Traditional approach - fetching URLs one at a time.

In [None]:
import time

# Note: This example doesn't require actual web requests
# We simulate HTTP requests to demonstrate the concept

def fetch_url_sequential(url):
    """Simulate fetching a URL (replace with actual requests.get(url))"""
    print(f"Fetching: {url}")
    time.sleep(1)  # Simulate network delay
    return f"Content from {url}"

# List of URLs to scrape
urls = [
    "https://example.com/page1",
    "https://example.com/page2",
    "https://example.com/page3",
    "https://example.com/page4",
    "https://example.com/page5",
]

# Sequential scraping
print("=== Sequential Scraping ===")
start_time = time.time()

results = []
for url in urls:
    result = fetch_url_sequential(url)
    results.append(result)

elapsed = time.time() - start_time
print(f"\nTime taken: {elapsed:.2f} seconds")
print(f"URLs scraped: {len(results)}")

---

## 2. Concurrent Web Scraping with ThreadPoolExecutor (Fast)

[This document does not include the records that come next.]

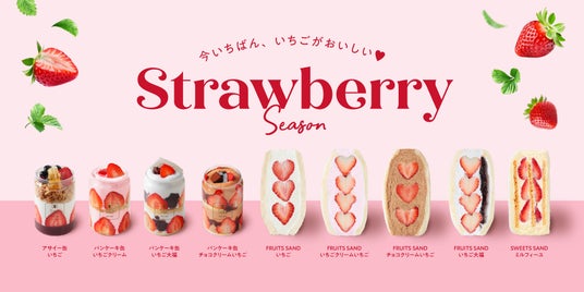 フルーツサンドをはじめ、スイーツサンド、パンケーキ缶、アサイー缶など、それぞれ異なる形で、いちごの味わいを楽しめるラインアップです。
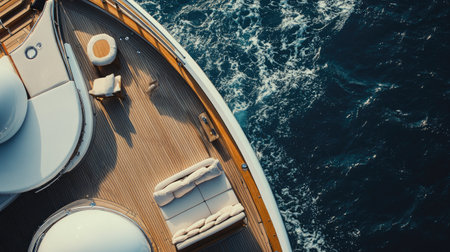 A close-up aerial view of a yacht's deck, with luxurious seating and sun loungers, emphasizing the comfort and elegance of life aboard on a sunny day.
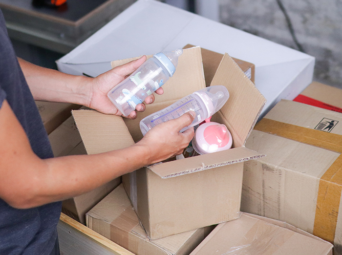 Schicke uns kostenlos ein Paket von zuhause aus zu oder füttere eine der Sammelboxen in Kitas oder im Handel.
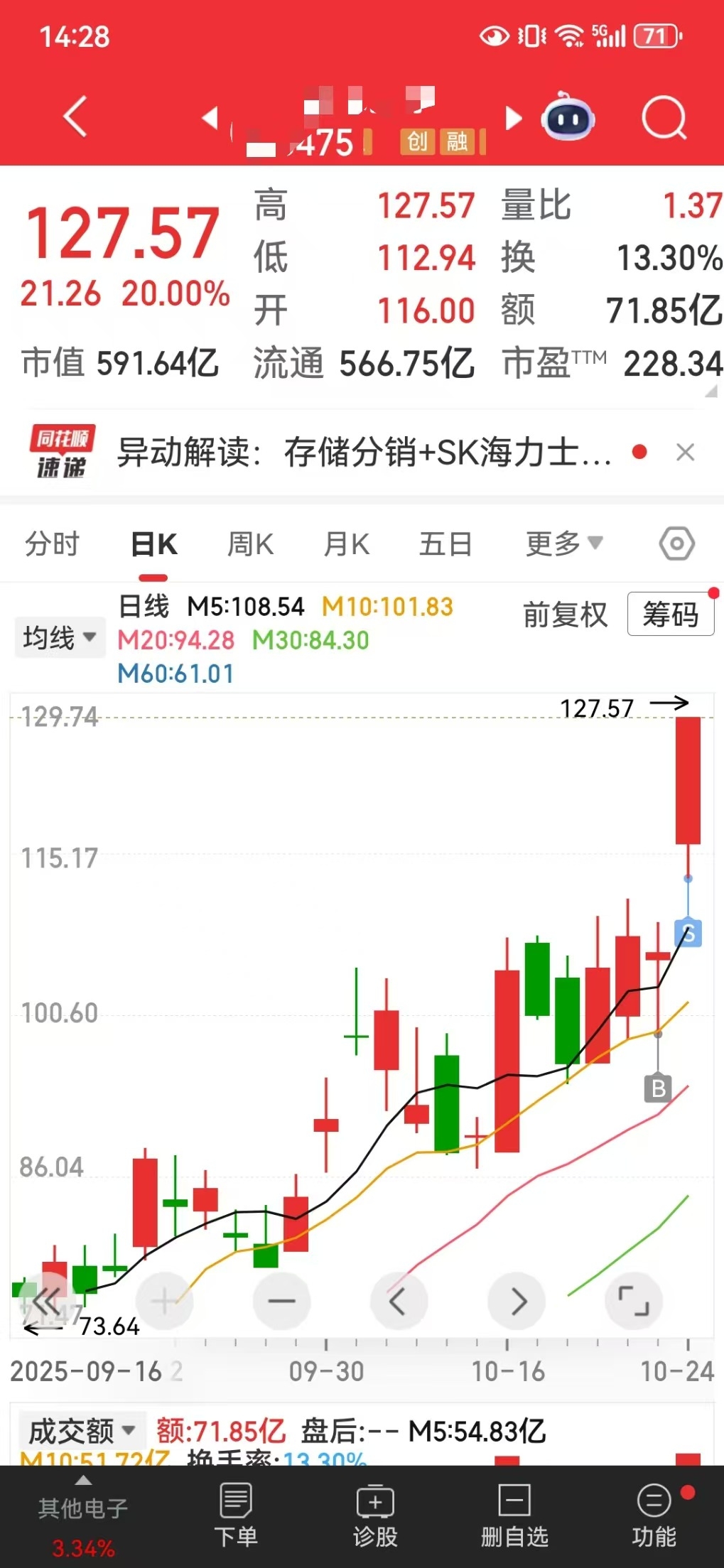 $香农芯创(SZ300475)$ 昨天入的存储今天拉高到14个点扔了,祝留下来的老师继续吃肉!

Using multithreading to fetch multiple URLs simultaneously.

In [None]:
from concurrent.futures import ThreadPoolExecutor, as_completed
import time

def fetch_url_concurrent(url):
    """Simulate fetching a URL with threading"""
    print(f"Fetching: {url}")
    time.sleep(1)  # Simulate network delay
    return f"Content from {url}"

urls = [
    "https://example.com/page1",
    "https://example.com/page2",
    "https://example.com/page3",
    "https://example.com/page4",
    "https://example.com/page5",
]

# Concurrent scraping with ThreadPoolExecutor
print("=== Concurrent Scraping with ThreadPoolExecutor ===")
start_time = time.time()

with ThreadPoolExecutor(max_workers=5) as executor:
    # Submit all tasks
    future_to_url = {executor.submit(fetch_url_concurrent, url): url for url in urls}
    
    # Collect results as they complete
    results = []
    for future in as_completed(future_to_url):
        url = future_to_url[future]
        try:
            result = future.result()
            results.append(result)
            print(f"✓ Completed: {url}")
        except Exception as e:
            print(f"✗ Error fetching {url}: {e}")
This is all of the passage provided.